Kuşatılmışları ancak bir mucize kurtarabilirdi ve bu da gerçekleşti. Saldırı için kafa karıştırıcı sinyal sistemi ölümcül bir rol oynadı - bazı birimler ilk atıştan sonra, diğerleri ise sonraki atışlardan sonra saldırıya koştu. Karanlıkta saldırganların safları birbirine karışmıştı. Alman paralı askerleri bir yerde arkalarındaki Rus Tuşinlerin çığlıklarını duydular ve onların bir sortide kuşatılmış olduklarına karar vererek onlarla savaşa girdiler. Başka bir yerde, Polonyalı sütun, atışların parlamasıyla, Tushins'in bir müfrezesinin kanattan kendisine yaklaştığını gördü ve ona da ateş açtı. Kuşatılanların topçularının savaş alanına ateş açması, ortaya çıkan kafa karışıklığını ve paniği artırdı. Kuşatanlar arasındaki çatışma, birbirlerinin kanlı bir katliamına dönüştü. Birbiri tarafından öldürülenlerin sayısı yüzlerce kişiyi buldu.

Kuşatmanın sonu

Aslında saldırganların tutarsızlığı manastır mücadelesinde bir dönüm noktası oldu. Bir tarafta Tushino halkı, diğer tarafta Polonyalılar ve paralı askerler arasında uzun süredir devam eden anlaşmazlıklar gün yüzüne çıktı. Kuşatma ordusunda bölünme meydana geldi. Birçok Tushin atamanı birliklerini Trinity-Sergius Manastırı'ndan çekti ve geri kalan müfrezelerde firar yaygınlaştı. Tushinlerin ardından yabancı paralı askerler Sapega kampından ayrıldı. Kuşatılanlar ise tam tersine, manastırın mucizevi kurtuluşunun ilahi şefaatin sonucu olduğuna ve kuşatmanın sonunun yakın olduğuna inanıyorlardı.

1609 sonbaharında Prens Mikhail Skopin-Shuisky'nin Rus birlikleri Tushino halkına ve Polonyalılara bir dizi yenilgi yaşattı ve ardından Moskova'ya karşı bir saldırı başlattılar. Güçlerin bir kısmı Sapieha'nın ordusuyla savaşmak ve onu kendi kampında engellemek için tahsis edildi. Kuşatılanlarla kurtarmaya giden birlikler arasında düzenli iletişim yeniden sağlandı.

19 Ekim 1609 ve 4 Ocak 1610'da savunucular takviye aldı: Voivode Zherebtsov (900 kişi) ve Grigory Valuev'den (500 kişi) okçuların müfrezeleri manastıra girdi. Güçlendirilmiş garnizon aktif askeri operasyonlara başladı. Baskınlardan birinde okçular Sapieha'nın kampının ahşap surlarını ateşe verdi. Düşmanın sayısal üstünlüğü kampa girmelerine izin vermiyordu ama mücadelenin sonucu çoktan belli olmuştu. Mikhail Skopin-Shuisky'nin birliklerinin Novgorod'dan manastıra hareketini bilen Sapieha, kuşatmanın hızla kaldırılmasını emretti. 12 Ocak 1610'da Polonya-Litvanya birlikleri manastırdan Dmitrov'a doğru ilerledi. Orada, vali Ivan Kurakin'in Rus müfrezesi tarafından ele geçirildiler ve mağlup oldular. Sonuç olarak Sapieha, 1000'den biraz fazla kişiyi False Dmitry II'ye geri getirdi.

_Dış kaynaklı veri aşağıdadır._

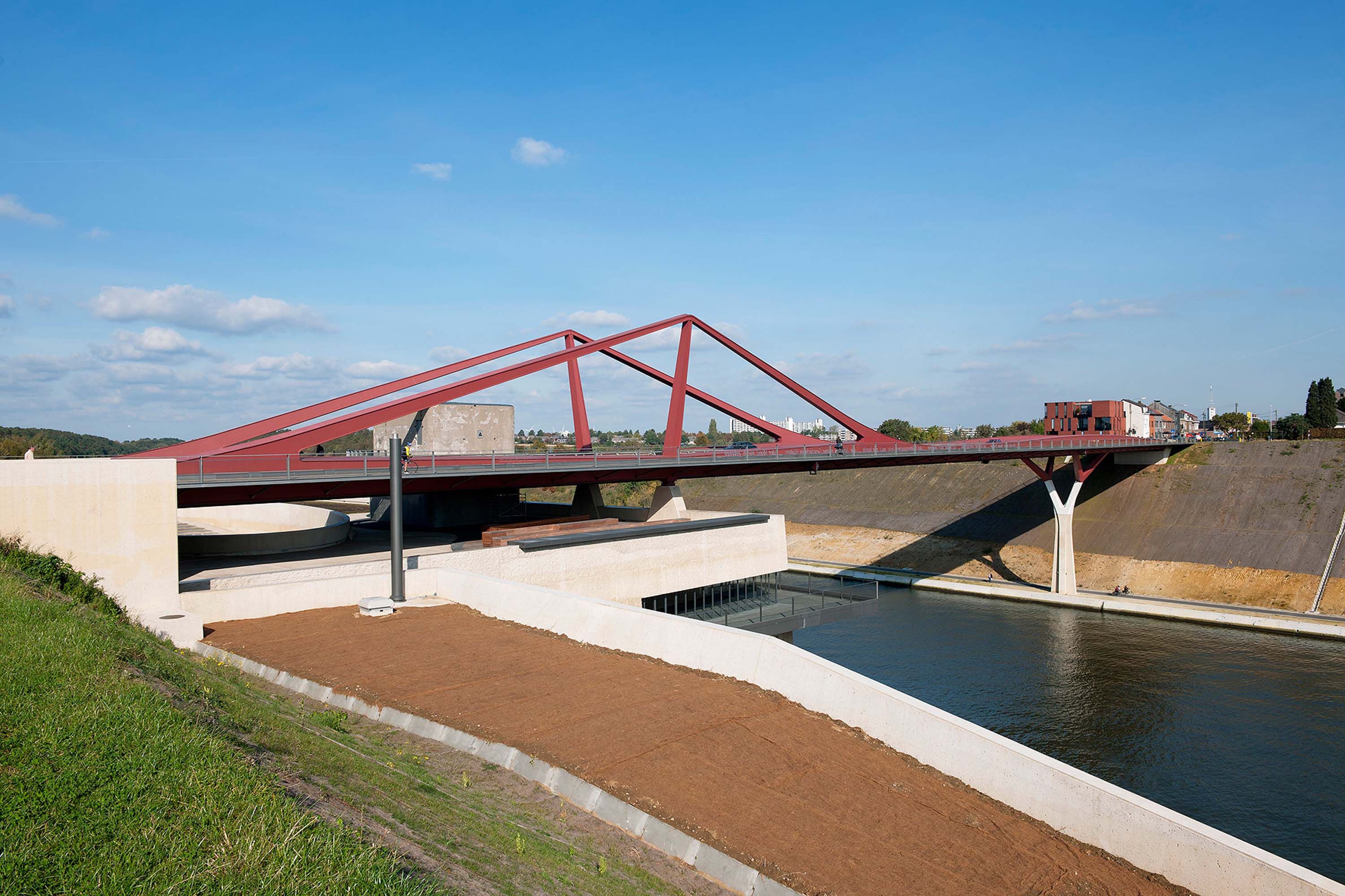 Le pont en béton existant avait été construit juste après la Deuxième Guerre mondiale et devait être remplacé en raison de l’élargissement du canal Al-bert ayant pour but de permettre la navigation in-térieure jusqu’à 9000 tonnes. Le nouveau pont en acier (1040 tonnes) a une portée centrale de 100 m et ouvre de cette manière un passage libre de 86 m sur l’eau. Le site étant classé, les conditions d’intervention étaient complexes. C’est précisé-ment à cet endroit que la Belgique est entrée dans la Seconde Guerre mondiale ; le bunker côtoyant le pont en étant le témoin silencieux. Toute la mission de conception (stabilité, architecture et paysage) a été réalisée par le bureau Ney & Partners, en colla-boration avec l’artiste Jozef Legrand.

Kuşatma sonunda, kuşatma başlangıcında orada bulunan ve garnizonun 200'den az kişiden oluştuğu kuşatma manastırında 1.000'den fazla kişi kalmadı.

Kuşatmanın başarılı bir şekilde sona ermesi halkın ruh hali üzerinde önemli bir etki yarattı ve ordunun moralini yükseltti; bu, Sorunlar Zamanında ilk kez yabancı işgalcilere bu kadar kararlı bir şekilde karşı çıktı.

Kahramanca Direniş savunucular Teslis Manastırı Polonya-Litvanya müdahalesi sırasında False Dmitry II'nin birlikleri, Moskova bölgesinin kuzeydoğusunun tarihi ile ayrılmaz bir şekilde bağlantılıdır.

« “Moskova Devleti'ndeki herkes Moskova'dan çekilmekten memnundur.”...
Bu dönemde ülkenin genel durumu son derece zordu. Khodynka Muharebesi'nden sonra bile, 25 Haziran 1608'de, askerlerin Moskova'dan False Dmitry II'nin karargahı Tushino'ya açık bir şekilde ayrılışı başladı. O zamanın çağdaşlarından biri olan Teslis Manastırı kilercisi Abraham Palitsyn'e göre, birçok hizmet arazi sahibi şu şekilde mantık yürütüyordu: “Moskova'da ve Trinity St. Sergius Manastırı'nda Polonyalılarla birlikte durup kalırsak, mülklerimiz mahvolmayacak”. Ancak olayların gösterdiği gibi bu hesaplama doğru değildi. Diğer askerler Moskova ordusunu terk ederek ocaklarını korumak için evlerine gittiler. Sorunlar tüm merkezi kasıp kavurdu, Vladimir-on-Klyazma'ya ulaştı ve Volga'yı geçti. Yazıldığı gibi kroniklerden biri o korkunç yıllar: “Moskova devletinin tüm şehirleri Moskova'dan çekildi”...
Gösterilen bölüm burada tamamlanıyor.